Extracting Complex Concentrated Alloy Properties from Scientific Literature with LLMs
Name
Prof. K.A. Christofidou
Affiliation
Department of Materials Science & Engineering, University of Sheffield
Abstract
The development of new alloys is critical for the realisation of novel technologies as well as instrumental in enabling improved performance. Complex concentrated alloys (CCAs), also often known as multi-principal element alloys or high entropy alloys, offer a promising avenue for alloy development, as their deviation away from a single base element opens up a vast compositional space that challenges traditional approaches, offering the possibility of significant material performance improvements. However, this vast compositional space occupied by CCAs also poses a significant challenge, as efficient screening and downselection of promising compositions necessitates materials informatics tools, that in turn rely on the availability and robustness of large experimental databases that are currently scarce.
To address this need, interrogation of the literature using natural language processing (NLP) and large language models (LLMs) offers a unique opportunity to create, collate and curate databases. Since 2014, publications on CCAs have increased exponentially, from a few dozen to over 3000 in 2023. Despite this wealth of papers, the diverse contexts and complex data dissemination within these papers pose significant challenges to the application of NLP and LLMs. To understand the challenges, opportunities and limitations of such techniques for developing relevant databases for alloy design, this work presents an LLM-based construction of a large database consisting of compositional information and material properties.

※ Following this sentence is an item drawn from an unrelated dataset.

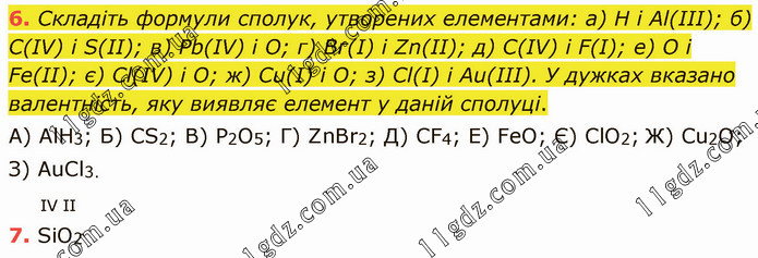 Складіть формули сполук, утворених елементами: а) Н і Аl(ІІІ); б) С(ІV) і S(ІІ); в) Рb(ІV) і О; г) Вг(І) і Zn(ІІ); д) С(IV) і F(І); е) О і Fе(ІІ); є) Сl(ІV) і О; ж) Сu(І) і О; з) Сl(І) і Аu(ІІІ). У дужках вказано валентність, яку виявляє елемент у даній сполуці. А) AlH3; Б) CS2; B) P2O5; Г) ZnBr2; Д) CF4; Е) FeO; Є) ClO2; Ж) Cu2O; З) AuCl3.

The methodology of this work involves several critical stages. Initially, relevant publications are gathered and preprocessed to prepare them for analysis. Text classification techniques are then used to pinpoint content related to CCAs and filter out irrelevant content. Subsequently, LLMs are used to extract pertinent data, including the elemental compositions, phase information and hardness data. This process begins with prompt engineering to evaluate existing LLM capabilities [1], followed by full fine-tuning of LLMs [2] on curated, CCA-related data to improve accuracy in domain-specific contexts. To enable robust comparisons, the literature used to construct the database presented by Machaka et al. [3] and Gorsse et al. [4] was used, and the results were compared against the manually collated databases.
Through iterative refinement and optimisation, this methodology can improve the efficiency of data extraction from the growing volume of CCA literature. This work will enable the creation, collation and curation of comprehensive datasets essential for advancing research in alloy development and materials discovery, thereby facilitating the accelerated exploration of novel alloy compositions and the realisation of high-performance applications.
This work was supported by Oerlikon AM Europe GmbH (website: https:// www.oerlikon.com/am/en/), Engineering and Physical Sciences Research Council UK (EP/S022635/1) (website: https://www.ukri.org/councils/ epsrc/), and Science Foundation Ireland (18/EPSRC- CDT/3584) (website: https://www.sfi.ie/).
References
[1] Polak, M. P., and Morgan, D., Nature Communications 15.1 2024: 1569.
[2] Dagdelen, J., et al. Nature Communications 15.1 2024: 1418.
[3] R. Machaka, G. T. Motsi, L. M. Raganya, P. M. Radingoana, S. Chikosha, Data Brief 2021, 38, 107346.
[4] S. Gorsse, M. H. Nguyen, O. N. Senkov, D. B. Miracle, Data Brief 2018, 21, 2664.